The smartest model is not automatically the safest route. It is safest only when the task genuinely needs the frontier reasoning ceiling; for deterministic, well-specified, or high-volume work, a cheaper model tier or script can be equally correct with lower cost and latency.

## Coverage

- The escalation decision: which task signals (architecture, multi-file synthesis, hard/intermittent debugging, security reasoning, long-horizon autonomy) earn the frontier tier over the balanced tier
- The de-escalation boundary: when a task is too well-specified, too mechanical, or too deterministic to justify the frontier premium, and where it should route instead
- Capability facts that drive the decision: 1M context window, the Opus-only `xhigh`/`max` effort ceiling, adaptive thinking, task budgets, high-resolution vision, prompt-cache minimum
- The cost/latency tradeoff vs the balanced and fast tiers, including the 1M-context no-premium fact
- The relationship to adjacent concepts: balanced-tier routing, fast-tier routing, loop architecture, and cost-aware delegation

## Philosophy of the skill

Routing the frontier tier is adversarial against the lazy default.
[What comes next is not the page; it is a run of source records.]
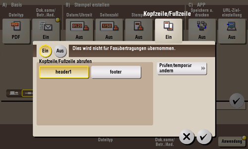 [Prüfen/temporär ändern] | Bei Bedarf können Sie die Details des Programms, das unter [Kopfzeile/Fußzeile abrufen] ausgewählt ist, prüfen oder vorübergehend ändern.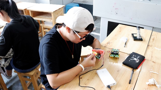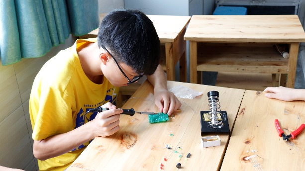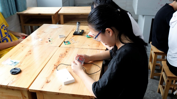 8月9日上午8:30,别开生面的一天在精彩纷呈的实践课程中开始了。二班和三班是电焊课,在电焊之前,主讲队员首先说明了各个元器件的名称、功能及焊接方式。待队员讲解完后,同学们跃跃欲试,开始了方块灯和梦幻彩灯的焊接。焊接过程中,助教始终在旁边为同学们答疑解惑,并对一些操作进行示范和辅助。学生们完成焊接后,队员们会对方块灯和梦幻彩灯进行通电发光检验,发现学生作品中出现发光间断,声音过小等问题时,主讲队员和助教会针对该种情况发生的原因进行解答,并指导学生对作品进行相应的调整。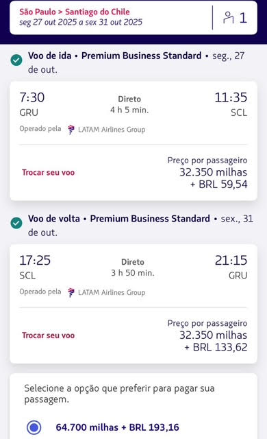 Apenas 32.250 milhas trecho. Emissão via LATAM Pass voando LATAM.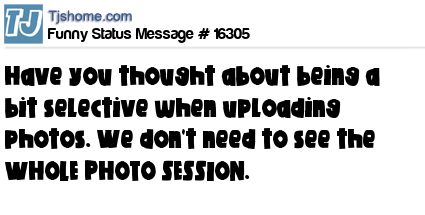 X Have you thought about being a bit selective when uploading photos. We don't need to see the WHOLE PHOTO SESSION.

The tempting move — "this matters, so use the smartest model" — silently over-pays on the majority of tasks that a cheaper tier clears identically, and it normalizes a habit that compounds across a whole workload. The correct posture is the inverse: a task must *earn* the top rung by clearing a difficulty bar, and under uncertainty routing moves **down**, not up, until the task proves it needs the ceiling. The frontier tier's distinguishing capability is the `xhigh`/`max` effort settings the cheaper tiers cannot reach — so the cleanest escalation test is whether the task genuinely needs that depth. Cost and latency are not the enemy to minimize blindly; they are the price of a reasoning ceiling that only the hardest tasks redeem.
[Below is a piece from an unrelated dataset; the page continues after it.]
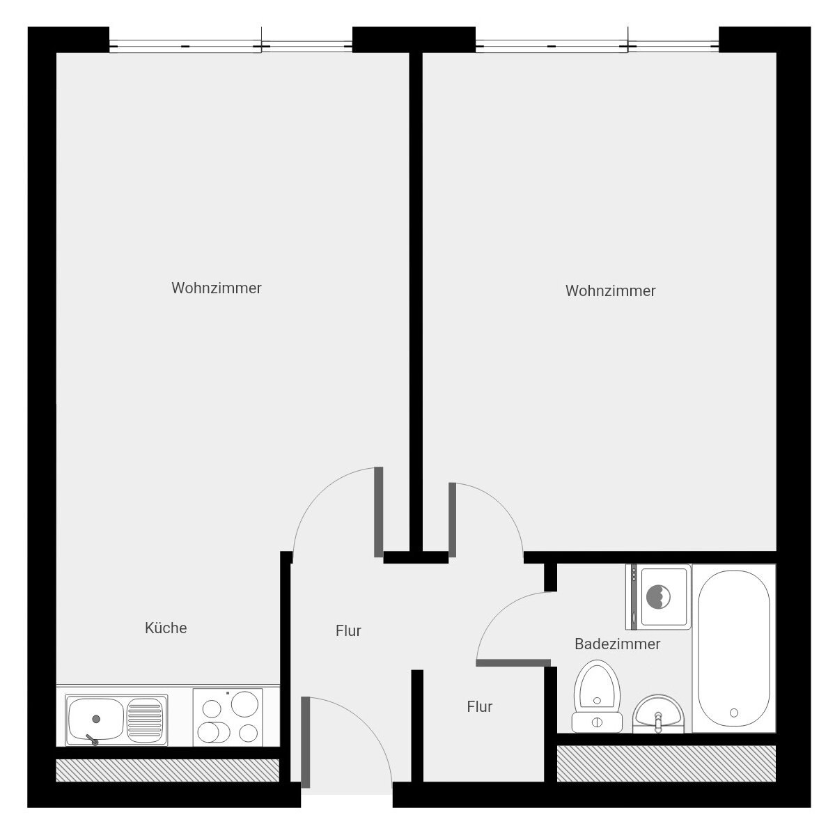 Die 2-Zimmer-Wohnung verteilt sich auf ca. 44 m²

## When to reach for Opus vs alternatives

Route a task to Opus when at least one of these holds — and the task is too hard for the balanced tier to clear reliably:

- **Architecture and tradeoff design** — boundaries, schemas, cross-system contracts, "should this be one service or two," long-horizon decisions whose cost-of-error is high.
- **Multi-file synthesis** — a change whose correctness depends on holding many files, a large codebase, or a long document in working context at once.
- **Hard debugging** — intermittent flakes, multi-system root cause, "it works locally but not in prod," anything where a cheaper tier would declare it fixed after one clean run.
- **Security reasoning** — auth boundaries, data-exposure analysis, threat-surface review.
- **Long-horizon autonomous agentic work** — overnight or multi-step runs that must stay coherent without human correction. Give the full task spec up front in one turn and run at `high`/`xhigh` effort.

Route *down* to the balanced tier (`claude-sonnet`) for ordinary feature work, test writing, and multi-step code that is well-specified. Route down to the fast/cheap tier (`claude-haiku`) — or to a script — for mechanical work. The escalation test: *would the balanced tier plausibly get this wrong?* If no, do not pay the frontier premium.

## Capabilities (current generation — verify live before quoting)

| Dimension | Opus (frontier tier) | Decision relevance |
|---|---|---|
| Context window | 1M tokens | Holds large multi-file / long-document tasks in one pass — same window as the balanced tier |
| Long-context pricing | No premium above the base rate (current gen) | The wide window is not itself a reason to avoid Opus on cost |
| Pricing tier | Highest of the three tiers (≈5× the fast tier on input) | The cost half of the routing tradeoff |
| Max output | 128K tokens (streaming required for large outputs) | Long generations are feasible but must stream |
| Thinking | Adaptive thinking only (fixed token budgets removed on current gen) | No `budget_tokens` to tune — control depth via effort |
| Effort ceiling | `xhigh` and `max` are **Opus-tier only** | The reason Opus clears the hardest tasks: a depth ceiling the cheaper tiers cannot reach |
| Task budgets | Beta — model self-moderates spend across an agentic loop (min 20K) | Useful for capping cost on long autonomous runs |
| Vision | High-resolution (current gen) | Strongest tier for screenshot / document / chart understanding |
| Prompt-cache minimum | 4096-token prefix (higher than the balanced tier) | Short prefixes silently won't cache on Opus — size the shared prefix accordingly |

> Concrete model IDs, exact prices, and context numbers change with each release. Read them live from the model provider's models API / pricing docs (or the `claude-api` reference) before quoting — this skill teaches the *routing judgment*, not a frozen price sheet. Current verified facts: `references/model-facts.md`.

## Strengths and weaknesses

**Strengths:** highest reasoning ceiling and the only tier with the top effort settings; best at holding large context coherently; best at hard debugging, security analysis, and autonomous long-horizon work; high-resolution vision.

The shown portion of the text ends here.